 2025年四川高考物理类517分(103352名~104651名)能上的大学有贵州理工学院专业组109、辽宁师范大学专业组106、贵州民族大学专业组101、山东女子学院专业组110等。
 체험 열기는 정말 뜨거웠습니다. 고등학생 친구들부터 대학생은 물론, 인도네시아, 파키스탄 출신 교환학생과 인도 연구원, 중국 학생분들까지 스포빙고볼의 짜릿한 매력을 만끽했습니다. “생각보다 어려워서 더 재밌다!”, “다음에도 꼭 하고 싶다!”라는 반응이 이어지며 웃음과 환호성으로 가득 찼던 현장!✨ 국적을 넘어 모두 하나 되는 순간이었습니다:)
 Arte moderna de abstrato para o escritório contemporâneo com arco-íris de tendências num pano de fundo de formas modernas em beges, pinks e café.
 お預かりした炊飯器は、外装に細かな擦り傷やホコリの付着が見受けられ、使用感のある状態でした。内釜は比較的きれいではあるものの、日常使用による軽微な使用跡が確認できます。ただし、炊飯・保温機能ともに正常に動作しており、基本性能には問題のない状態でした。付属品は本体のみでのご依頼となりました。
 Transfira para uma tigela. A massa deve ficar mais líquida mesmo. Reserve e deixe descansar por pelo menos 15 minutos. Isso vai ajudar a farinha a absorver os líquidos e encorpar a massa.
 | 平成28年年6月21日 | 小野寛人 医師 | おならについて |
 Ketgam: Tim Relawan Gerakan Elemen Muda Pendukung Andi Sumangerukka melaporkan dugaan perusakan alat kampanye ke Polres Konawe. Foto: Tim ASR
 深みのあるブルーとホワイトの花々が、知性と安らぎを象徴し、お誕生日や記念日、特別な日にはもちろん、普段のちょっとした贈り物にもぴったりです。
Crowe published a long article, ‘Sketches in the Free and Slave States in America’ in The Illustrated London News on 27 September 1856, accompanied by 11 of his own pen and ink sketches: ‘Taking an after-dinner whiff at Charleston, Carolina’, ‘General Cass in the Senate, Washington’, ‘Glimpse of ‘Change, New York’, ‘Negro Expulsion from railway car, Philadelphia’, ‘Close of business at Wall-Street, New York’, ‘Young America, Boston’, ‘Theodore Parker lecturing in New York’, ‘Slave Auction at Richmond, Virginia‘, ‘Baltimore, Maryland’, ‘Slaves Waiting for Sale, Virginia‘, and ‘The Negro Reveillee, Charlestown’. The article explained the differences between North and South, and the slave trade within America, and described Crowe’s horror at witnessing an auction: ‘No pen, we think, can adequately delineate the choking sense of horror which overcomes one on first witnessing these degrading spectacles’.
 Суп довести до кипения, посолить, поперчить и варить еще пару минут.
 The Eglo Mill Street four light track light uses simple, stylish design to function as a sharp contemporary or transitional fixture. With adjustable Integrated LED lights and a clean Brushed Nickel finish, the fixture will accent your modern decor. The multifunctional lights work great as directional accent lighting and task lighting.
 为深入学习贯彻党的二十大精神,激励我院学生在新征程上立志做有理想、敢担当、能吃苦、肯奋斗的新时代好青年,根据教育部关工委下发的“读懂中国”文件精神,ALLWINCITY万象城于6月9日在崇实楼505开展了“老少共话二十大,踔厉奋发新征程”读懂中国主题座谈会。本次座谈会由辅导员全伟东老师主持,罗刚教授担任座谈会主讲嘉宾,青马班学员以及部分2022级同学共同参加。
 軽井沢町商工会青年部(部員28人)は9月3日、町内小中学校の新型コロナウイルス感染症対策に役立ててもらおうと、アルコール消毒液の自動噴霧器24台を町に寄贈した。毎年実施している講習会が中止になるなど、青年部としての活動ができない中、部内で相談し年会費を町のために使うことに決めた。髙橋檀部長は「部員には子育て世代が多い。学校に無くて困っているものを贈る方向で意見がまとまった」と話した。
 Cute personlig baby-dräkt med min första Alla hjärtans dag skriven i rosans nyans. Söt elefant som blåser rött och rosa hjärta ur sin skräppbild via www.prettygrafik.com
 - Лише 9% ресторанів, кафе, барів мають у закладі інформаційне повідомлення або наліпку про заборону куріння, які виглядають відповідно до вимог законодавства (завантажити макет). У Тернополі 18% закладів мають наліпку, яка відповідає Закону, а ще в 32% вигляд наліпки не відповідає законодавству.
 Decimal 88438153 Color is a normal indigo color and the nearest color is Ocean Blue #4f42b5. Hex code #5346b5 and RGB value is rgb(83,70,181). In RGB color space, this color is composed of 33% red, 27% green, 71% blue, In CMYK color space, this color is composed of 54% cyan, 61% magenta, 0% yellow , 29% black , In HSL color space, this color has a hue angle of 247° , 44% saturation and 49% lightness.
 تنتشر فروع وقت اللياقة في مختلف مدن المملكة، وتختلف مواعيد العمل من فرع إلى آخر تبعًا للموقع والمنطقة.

▬▬▬

- Work item:
The response must consist of the lines above, from the first one through the line containing "お預かりした炊飯器は、外装に", reproduced exactly.

- Reply:
 2025年四川高考物理类517分(103352名~104651名)能上的大学有贵州理工学院专业组109、辽宁师范大学专业组106、贵州民族大学专业组101、山东女子学院专业组110等。
 체험 열기는 정말 뜨거웠습니다. 고등학생 친구들부터 대학생은 물론, 인도네시아, 파키스탄 출신 교환학생과 인도 연구원, 중국 학생분들까지 스포빙고볼의 짜릿한 매력을 만끽했습니다. “생각보다 어려워서 더 재밌다!”, “다음에도 꼭 하고 싶다!”라는 반응이 이어지며 웃음과 환호성으로 가득 찼던 현장!✨ 국적을 넘어 모두 하나 되는 순간이었습니다:)
 Arte moderna de abstrato para o escritório contemporâneo com arco-íris de tendências num pano de fundo de formas modernas em beges, pinks e café.
 お預かりした炊飯器は、外装に細かな擦り傷やホコリの付着が見受けられ、使用感のある状態でした。内釜は比較的きれいではあるものの、日常使用による軽微な使用跡が確認できます。ただし、炊飯・保温機能ともに正常に動作しており、基本性能には問題のない状態でした。付属品は本体のみでのご依頼となりました。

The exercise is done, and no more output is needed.